Geçen yüzyılın başında ve ortasında uzun bir süresadece Yeşil Burun Adaları (Yeşil Burun Adaları), Hint Diu, Daman ve Goa, Çin Makao, Mozambik, Gine Bissau, Angola, Principe, Sao Tome ve Doğu Timor
Ülkede faşist rejim kuruldudiktatörler Caetano ve Salazar, o zamana kadar diğer Avrupa imparatorluklarının mallarını süpüren sömürgecilik sürecine de katkıda bulunmadı. Bununla birlikte, işgal altındaki bölgelerde, topraklarının bağımsızlığı için savaşan sol kanat isyancı örgütleri hala faaliyet gösteriyordu. Merkezi hükümet buna sürekli terör ve özel olarak tasarlanmış cezai askeri operasyonlarla karşılık verdi.

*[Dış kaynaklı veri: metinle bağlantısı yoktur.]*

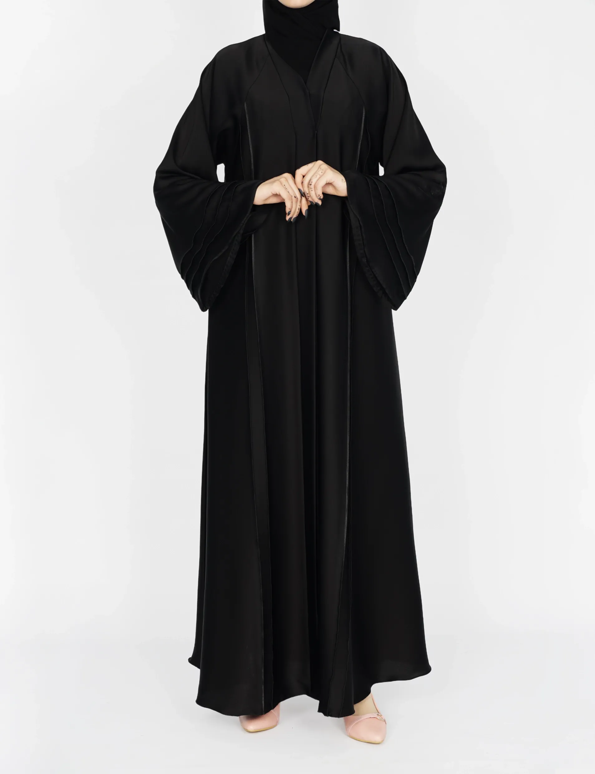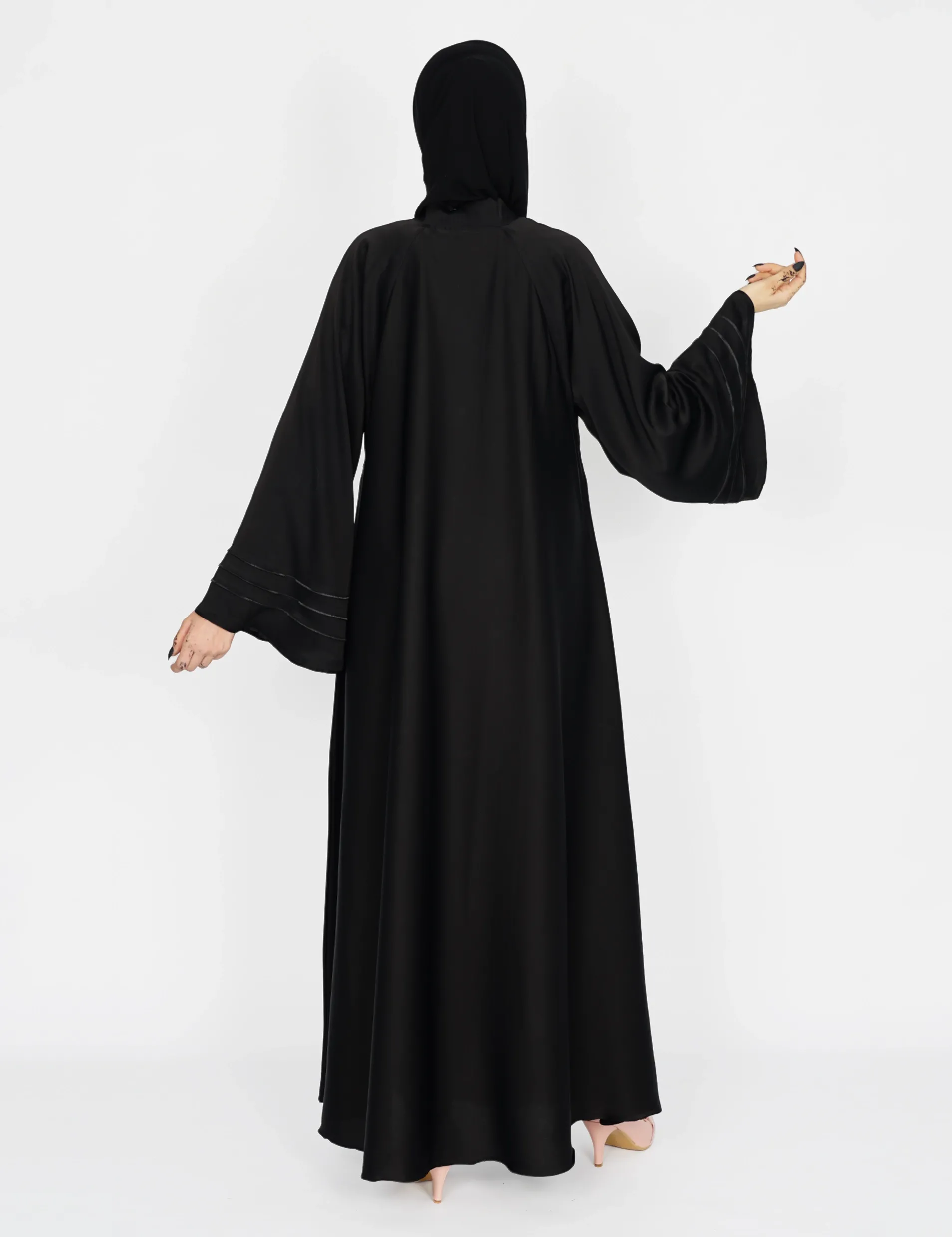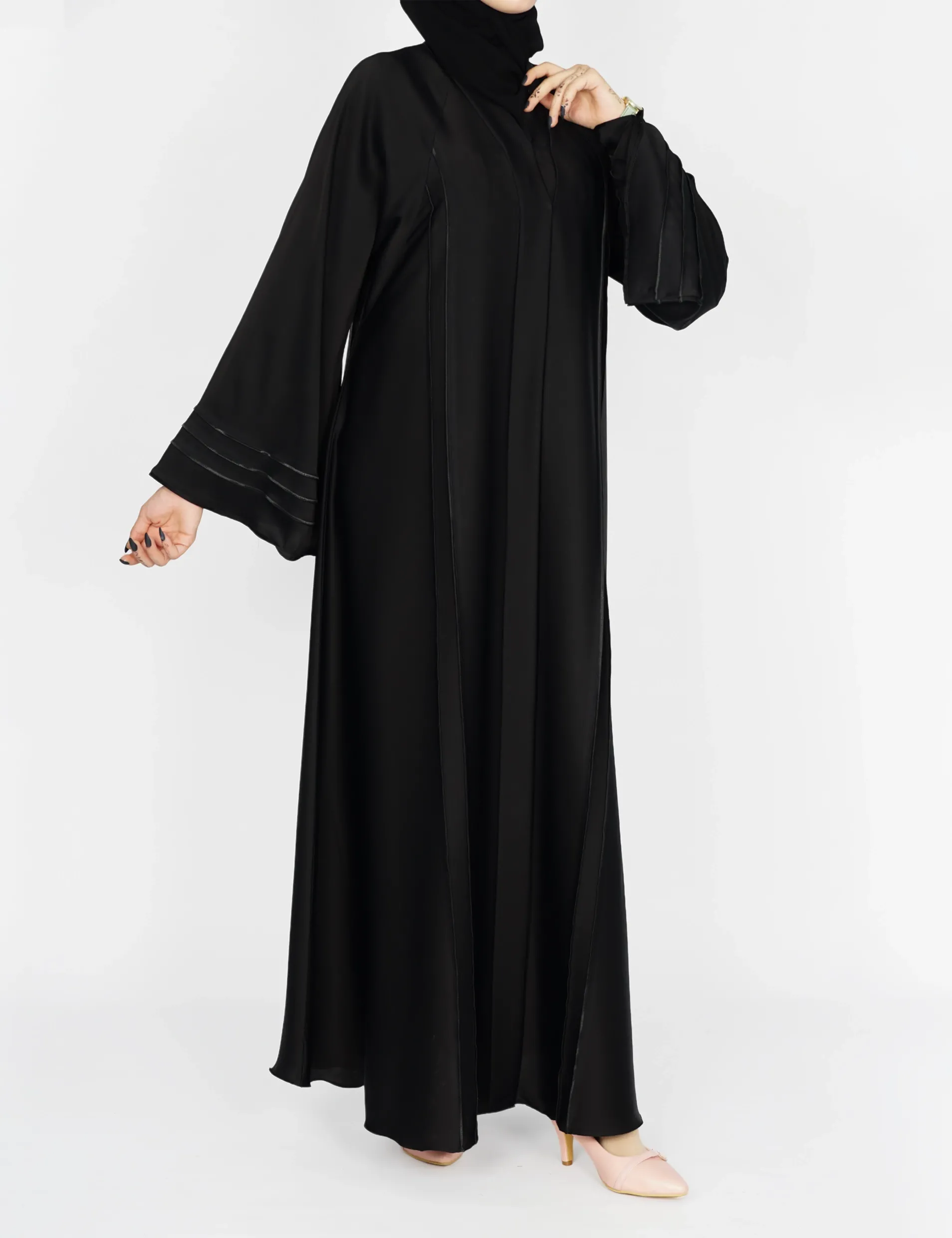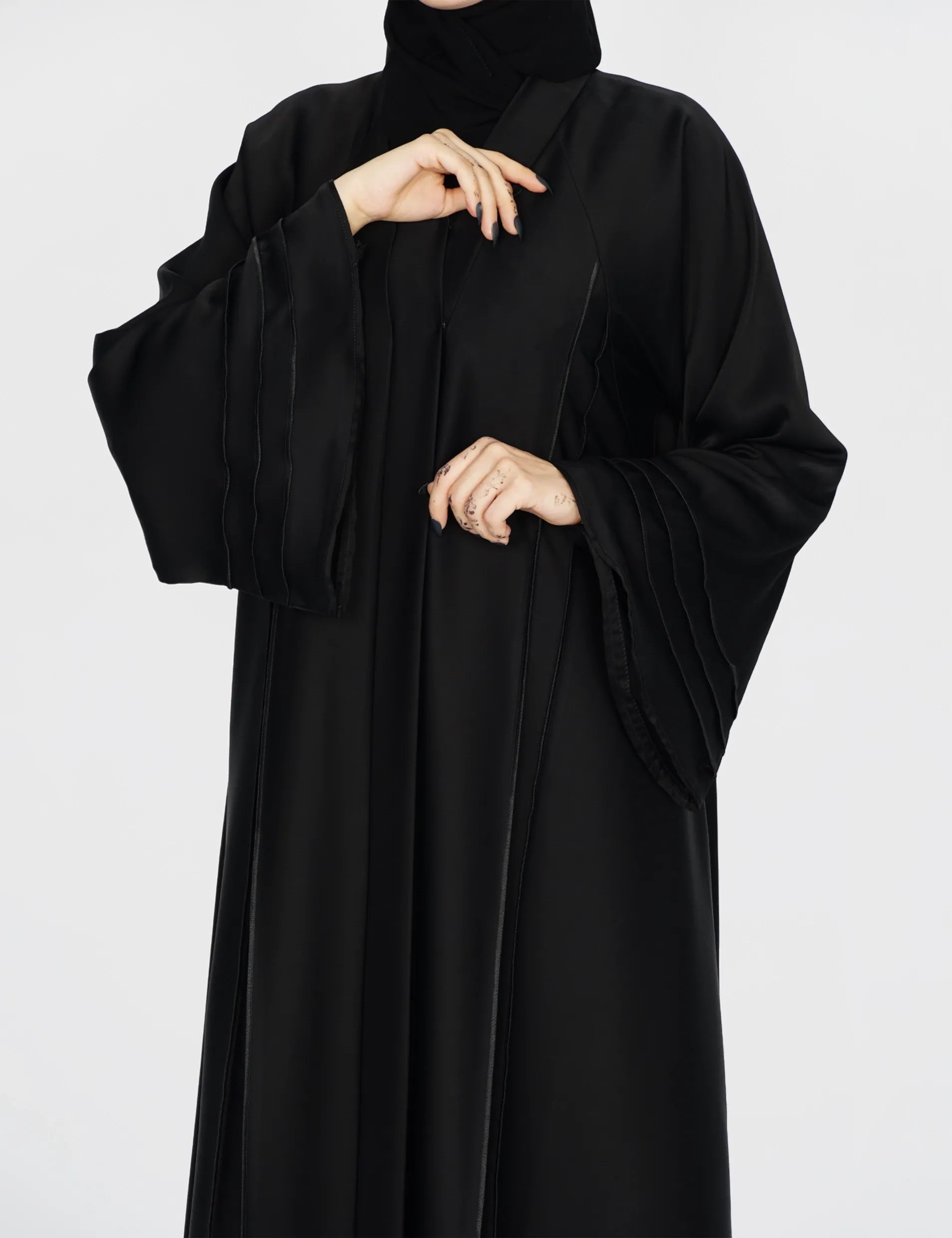 القماش : حريررقبة سبعة على زرار بالصدر و من تحت مغلققيطان بالامام واليداتيدات عريضة على زرارات |

Sömürge imparatorluğu olarak Portekiz kayboldusadece ülkede demokratik ilkelerin kabul edildiği 1975 yılında. 1999'da BM, Karanfil Devrimi sözde gerçekleştikten sonra, denizaşırı toprakların - Doğu Timor'un kaybını resmen kaydetti. Aynı yıl, Çin'deki eski Portekiz kolonisi Makao (Makao) iade edildi. Şimdi geriye kalan tek denizaşırı bölgeler, ülkenin özerk varlıkları olan parçası olan Azorlar ve Madeira'dır.